Cuma namazına gidebilsin diye…
Sanki Müslümanlık haftada bir Cuma namazından ibaret; Cuma günü camiye git öğle namazını kıl tamam…
Ondan sonra kafana göre takıl. Hırsızlık, dolandırıcılık, üçkâğıtçılık, yalancılık, sahtekârlık, içki, kumar, uyuşturucu canın ne istiyorsa yap; ama Cuma namazına gitmeyi ihmal etme…
Sanki cami Katolik kilisesi, her haltı ye ondan sonra Cuma günü git günah çıkar.
Böyle bir Müslümanlık yok!
Müslümanlığın tarifi ve şartları belli; eğer “Müslümanım” diyorsan bu şartlara uyacaksın. Haaa… Uymak istemiyor, kafana göre takılmak istiyorsun.
Ona da tamam.
Kimse sana bir şey demiyor, canın ne istiyorsa onu yap; amaaa böyle olduğun halde her iki lafından biri din-iman, her üç cümlenden biri İslam-Kuran ise ve senin gibi olmadıkları için sürekli “diğerlerini” eleştiriyorsan o zaman sen Türkiye’de halkın çok büyük bir çoğunluğu gibi “çoktan seçmeli” Müslümansın…
Çoktan Seçmeli Müslümanlar
İslam’ın şartı belli, Müslüman olmak için bunları yapmak lazım.
Peki, bunları kim yapıyor?
Halkının yüzde doksanının Müslüman olduğu Türkiye’de neredeyse HİÇ KİMSE…
Yılın 335 günü zurna gibi içiyor ama ramazan ayı gelince içmiyor çünkü kutsal bir ay. Kandillerde veya perşembe günü içmiyor neymiş, günah olur.
Ya hu Müslümansan HİÇ içki içmeyeceksin öyle diyor kutsal kitap, kafana göre takıl demiyor…
Özellikle son 10 yıldır yeni bir moda var, bazı “din tüccarları” içki yasak diye esrar içiyorlar. İçki dinen yasak ya, onun için esrar serbest; çevresindekiler de “ne Müslüman adam ağzına içki sürmüyor” diye beğeniyle bakıyor. Hâlbuki adam uyuşturucu müptelası, zurna ki ne zurna ama bizim salağın haberi yok…
Özellikle ramazanda günü ters çevirip gündüz yatıp, gece yiyip içiyor, hayatına devam ediyor. Sorsan ibadet ediyor. Orucu uykuya tutturup bir de hocaya “iftardan sonra içki içilir mi” diye soruyor.

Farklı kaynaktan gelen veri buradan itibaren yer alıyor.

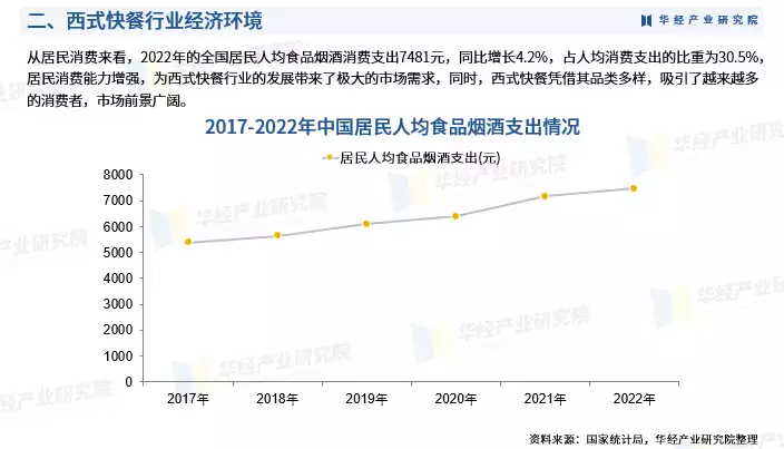 从居民消费来看,2022年的全国居民人均食品烟酒消费支出7481元,同比增长4.2%,占人均消费支出的比重为30.5%,居民消费能力增强,为西式快餐行业的发展带来了极大的市场需求,同时,西式快餐凭借其品类多样,吸引了越来越多的消费者,市场前景广阔。
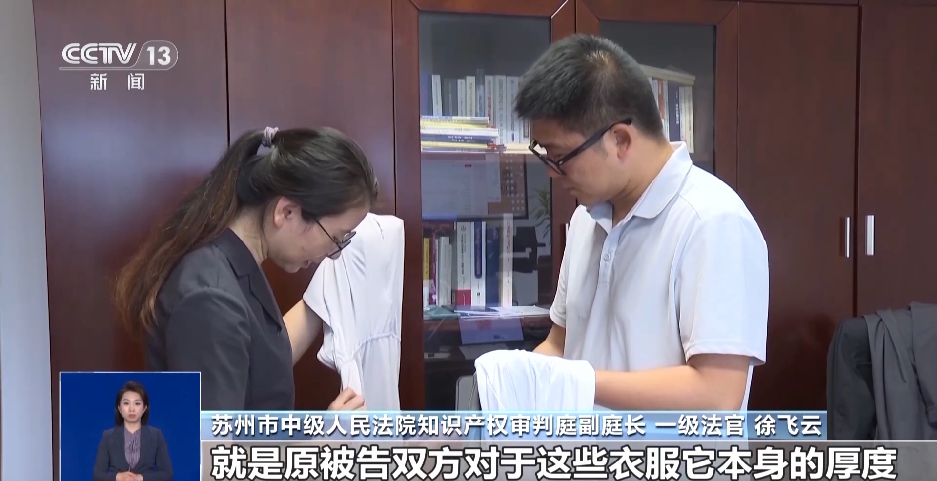 苏州市中级人民法院知识产权审判庭副庭长 一级法官 徐飞云:现场将品牌遮盖以后,交由双方当事人在庭审当中发表个人的感受,相当于是进行了现场试穿。原被告双方对于这些衣服本身的厚度以及是否具有冰感、凉感,它的厚薄等方面竟然形成了惊人一致的结论,证实了被告方对外发布的时候,它所讲的衣服比较厚,冰凉感不够,也就是说这些事实基本在庭审当中得到了验证。没有明显的背离客观事实,并且没有否定性以及贬低性的一些言论,所以我们认为这个行为尚且达不到商业诋毁的程度,所以对于商业诋毁的这些指控,我们进行了驳回。

İslam’ın şartlarından birinin beş vakit namaz kılmak olduğu ve bunun tartışmaya açık olmadığını düşünmeden Cuma günü yanı başındaki camiyi es geçip koştura koştura protokolün gittiği camiye yetişebilmeye çalışıyor.
Niye?
Namazı nerde kılsa Allah görür; onun derdi Allah değil, başkası görsün.
Camilerin kapısında yazıyor “vakit namazları aşağı da mescitte kılınmaktadır” …
Niye?
Çünkü vakit namazı kılan cemaat yok, imamın da işi var, caminin altına açtığı çay ocağını işletiyor.
Hal böyleyken “her sokağa bir cami” kampanyası sür’atle devam ediyor, ufak bir ayrıntı dışında; her yer cami dolu ama içinde “MÜSLÜMAN” YOK…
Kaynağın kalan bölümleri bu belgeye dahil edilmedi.